It’s easy to be cynical about financial forecasting and question the motives and conflicts of market forecasters. While some wish to create controversy and buzz to attract attention to themselves or their product or services, others are reluctant forecasters—attempting to balance the insatiable appetite of traders and investors always hungry for forecasts, while trying their best to put forth a conservative, high probability, do-no-reputational-harm forecast.
The bottom line is that with the exception of stock promoters and other market bottom feeders, very few forecasters have anything to gain by being wrong. Fact is, the majority of financial market forecasters not only want to be accurate, but studies tell us that they are pretty certain that they will be.
In 2010, Warsaw researchers Tadeusz Tyszka and Piotr Zielonka published Expert Judgments: Financial Analysts vs. Weather Forecasters. The study asked two groups of experts—financial analysts and weather forecasters, to predict corresponding events: The value of the Stock Exchange Index and the average temperature of the next month. Tyszka and Zielonka found that “though both groups of experts revealed the overconfidence effect, this effect was significantly higher among financial analysts than among the weather forecasters.”
The study concluded that weather forecasters have an “awareness of uncertainty” about the natural world that “causes these experts to manifest a lower overconfidence effect than experts from the other domains; (while) paradoxically financial analysts, having less precise knowledge than the weather forecasters about the underlying system, can be more self-assured.” (Perhaps that explains what Kevin Davey was getting at in ”Beware the cult of personality” (page 46).
The research identifies a forecaster’s paradox—those with less precise knowledge tend to be more certain. That cannot be very reassuring to traders and investors.

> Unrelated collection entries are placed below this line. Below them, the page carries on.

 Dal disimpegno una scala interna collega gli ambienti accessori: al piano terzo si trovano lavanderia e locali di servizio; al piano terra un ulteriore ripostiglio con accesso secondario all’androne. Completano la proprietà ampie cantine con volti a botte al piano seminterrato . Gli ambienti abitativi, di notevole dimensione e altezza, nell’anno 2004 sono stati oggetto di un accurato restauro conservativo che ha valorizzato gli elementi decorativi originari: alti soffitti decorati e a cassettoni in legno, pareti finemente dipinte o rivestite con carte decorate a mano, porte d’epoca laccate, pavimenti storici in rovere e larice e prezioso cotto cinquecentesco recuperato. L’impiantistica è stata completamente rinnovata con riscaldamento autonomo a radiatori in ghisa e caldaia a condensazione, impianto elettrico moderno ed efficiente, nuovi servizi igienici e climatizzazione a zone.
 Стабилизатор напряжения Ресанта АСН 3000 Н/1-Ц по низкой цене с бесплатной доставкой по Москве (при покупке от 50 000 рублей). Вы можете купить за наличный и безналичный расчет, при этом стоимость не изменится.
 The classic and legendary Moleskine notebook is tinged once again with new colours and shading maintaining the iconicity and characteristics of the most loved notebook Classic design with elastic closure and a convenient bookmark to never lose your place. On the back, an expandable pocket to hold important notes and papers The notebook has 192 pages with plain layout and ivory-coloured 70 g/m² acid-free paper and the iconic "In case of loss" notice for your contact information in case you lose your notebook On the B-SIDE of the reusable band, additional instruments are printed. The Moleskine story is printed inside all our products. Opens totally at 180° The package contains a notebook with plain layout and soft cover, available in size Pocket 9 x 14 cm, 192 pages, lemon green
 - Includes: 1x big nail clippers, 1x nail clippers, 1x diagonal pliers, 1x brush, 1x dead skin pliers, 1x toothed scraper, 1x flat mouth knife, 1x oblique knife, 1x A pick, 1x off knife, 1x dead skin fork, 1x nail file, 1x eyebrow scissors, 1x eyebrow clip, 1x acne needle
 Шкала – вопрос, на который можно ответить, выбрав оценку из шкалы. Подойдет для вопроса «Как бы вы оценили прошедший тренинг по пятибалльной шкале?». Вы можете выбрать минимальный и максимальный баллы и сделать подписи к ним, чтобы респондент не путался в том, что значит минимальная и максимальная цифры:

Which brings me to the subject of our second issue of Modern Trader and its cover story, SELL STOCKS NOW—10 Reasons to Reduce Equity Exposure (August 2015). Our editorial team wrestled with this cover story, internally debating the potential for perceived hypocrisy by our readers coming on the heels of declaring much of the financial media guilty of providing care and feeding to those perpetually false prophets.

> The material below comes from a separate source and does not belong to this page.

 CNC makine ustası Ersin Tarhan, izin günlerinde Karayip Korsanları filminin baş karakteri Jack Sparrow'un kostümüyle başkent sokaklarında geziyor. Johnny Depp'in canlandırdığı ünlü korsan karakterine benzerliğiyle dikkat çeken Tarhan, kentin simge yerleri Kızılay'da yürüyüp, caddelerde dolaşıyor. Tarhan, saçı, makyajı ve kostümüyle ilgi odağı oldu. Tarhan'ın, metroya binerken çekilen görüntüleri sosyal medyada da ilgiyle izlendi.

Moreover, we were aware that historically, “market call” covers on national investment-focused print publications have not fared well. Businessweek’s ominous Death of Equities cover published in August of 1979, right before a multi-generational bull market, immediately came to mind. The publication lost immeasurable credibility for that infamously inaccurate cover. To my prior point—very few forecasters have anything to gain by being wrong.

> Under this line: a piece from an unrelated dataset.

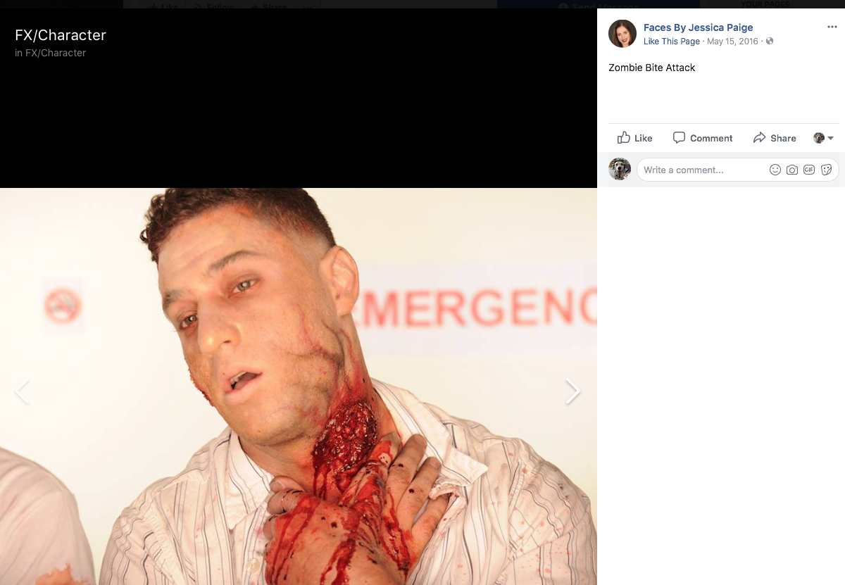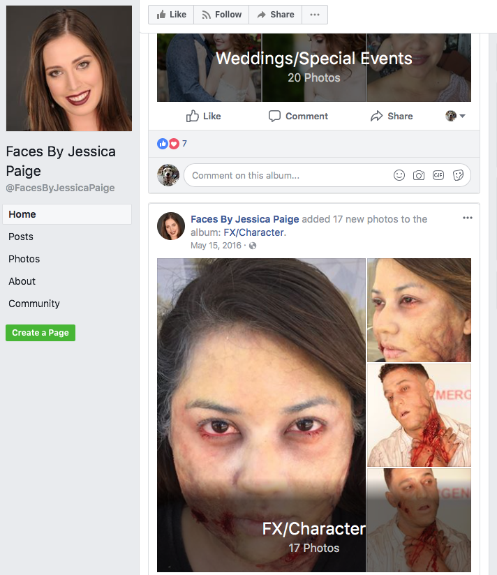 Screen cap of front page of account shows that Jessica Goodin is a special effects Make up artist at Universal Studios Florida and Faces By Jessica, as well as studying special effects make up at the Cosmix School of Makeup Artistry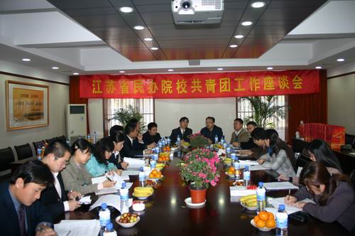座谈会上,民办院校团委书记就各自院校团学工作的发展现状进行了坦诚地介绍,我院团委汇报的《坚持党建带团建 推荐团建创新 努力开创思想政治教育工作新局面》得到与会代表的认同。民办院校的团学工作是民办院校工作的重要部分,是事关民办院校大学生思想政治工作的关键所在,民办院校的团学工作在组织构成、人员安排、经费投入和活动开展等方面都具有自身的特点;同时对目前民办院校团建、党建带团建等工作存在的主要问题进行了热烈讨论和交流。龚亲华部长的简明扼要点评更是加深了与会代表对民办高校共青团工作的认识。大家明确了今后将进一步做好民办院校团学工作,进一步促进民办院校大学生思想政治工作的发展,进一步用团学工作的实际成绩维护民办院校的稳定和促进民办院校的发展,为实现“全面达小康,建设新江苏”的宏伟目标做出自己的贡献。

Despite the timing, accuracy and business risks, we came to the conclusion that the arguments in favor of a market decline that we had curated and conceived were too compelling to ignore. We were not really forecasting, rather making a market call based on a wealth of data. It is worth noting that our intent is not to bash forecasters, rather to make better forecasts and hold forecasters accountable. Forecasts are how we make important decisions (see It’s Not Just What You Forecast, page 16).
So, we went to print with SELL STOCKS NOW as a cover story on June 17 with the Dow Jones Industrial Average, S&P 500 and Nasdaq at 17,936, 2100 and 5064, respectively. Within a matter of weeks of the issue reaching subscribers and newsstands, U.S. stock markets collapsed, with each major index trading at least 10% lower, in “correction” territory. Our market call was promptly validated and the second issue of Modern Trader received its second consecutive award for editorial excellence in the business and finance category for our prescient and timely cover story.
Whether a forecast or a market call, we are not aware of any national or pedigreed financial periodical that made such an assertive (let alone, accurate) market prediction, alerting its readers of a likely imminent broad market equity decline. Subsequently, the markets did promptly recover from correction territory but have since failed to make new highs.
In light of the Fed’s new course, those 10 Reasons to Reduce Equity Exposure remain timely and relevant to traders and investors—at least I feel pretty certain.